◆ Exercise description
Retype the listing exactly, minus its pictures.

◆ Raw data

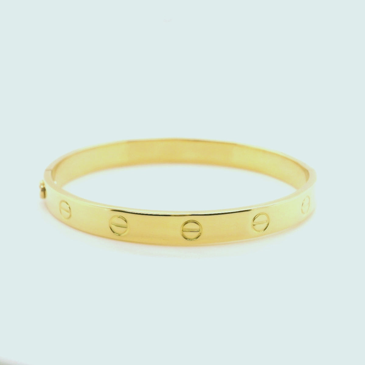 This stunning gold bracelet features a sleek design with subtle detailing, perfect for adding a touch of elegance to any outfit. Its minimalist style makes it versatile enough for both casual and formal occasions. Wear it alone or stack it with other pieces for a trendy layered look.
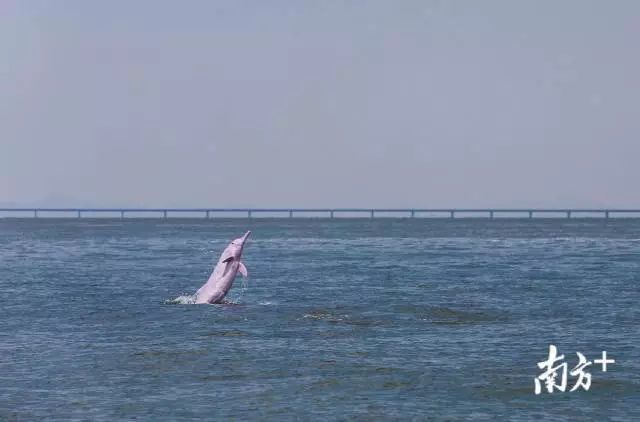 △2018年8月7日,一只成年中华白海豚突然跃出海面,背景不远处正是雄伟的港珠澳大桥。
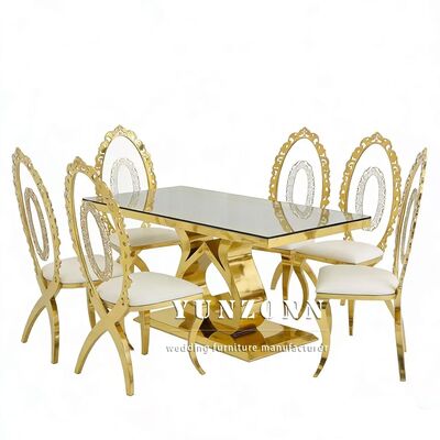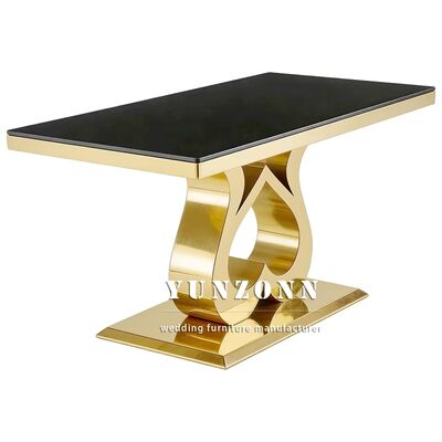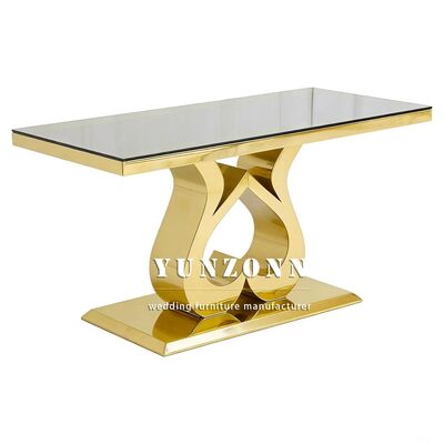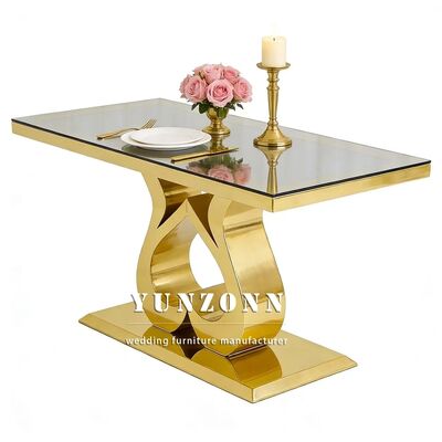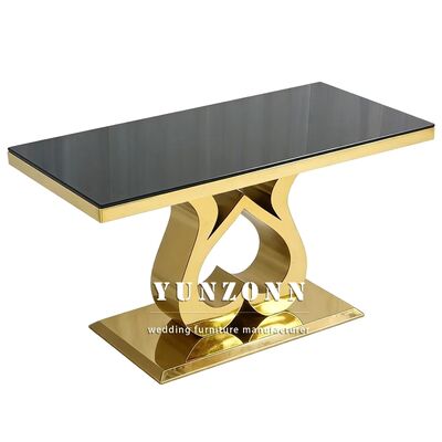 | نام محصول: | مبلمان رویدادهای هتل ارزان قیمت، میز عروس و داماد، میز پذیرایی عروسی مستطیل شیشه ای استیل طلایی |
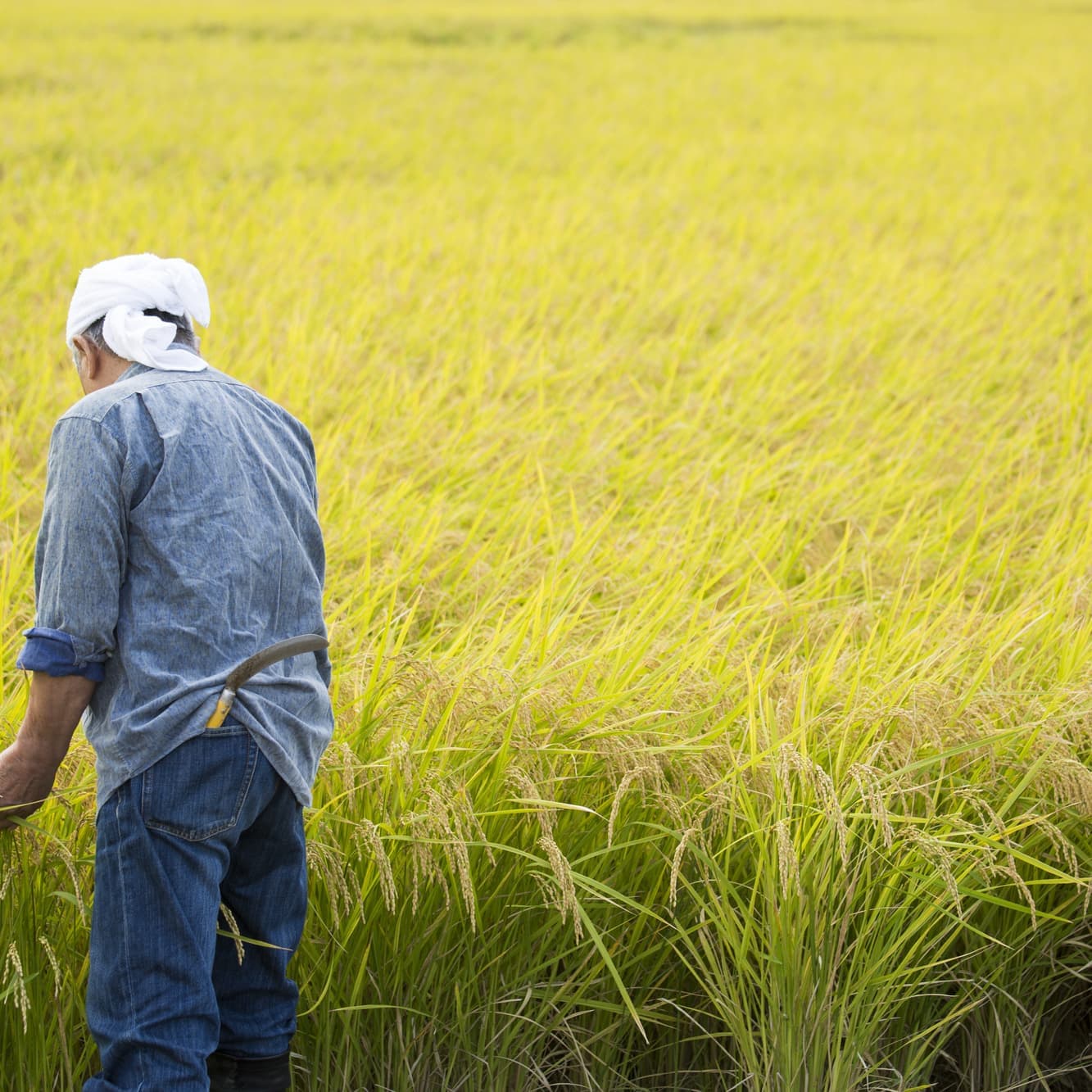 熟練の目利きでいつ稲刈りをするか、稲穂と相談しているようです。

◆ Written solution
 This stunning gold bracelet features a sleek design with subtle detailing, perfect for adding a touch of elegance to any outfit. Its minimalist style makes it versatile enough for both casual and formal occasions. Wear it alone or stack it with other pieces for a trendy layered look.
 △2018年8月7日,一只成年中华白海豚突然跃出海面,背景不远处正是雄伟的港珠澳大桥。
 | نام محصول: | مبلمان رویدادهای هتل ارزان قیمت، میز عروس و داماد، میز پذیرایی عروسی مستطیل شیشه ای استیل طلایی |
 熟練の目利きでいつ稲刈りをするか、稲穂と相談しているようです。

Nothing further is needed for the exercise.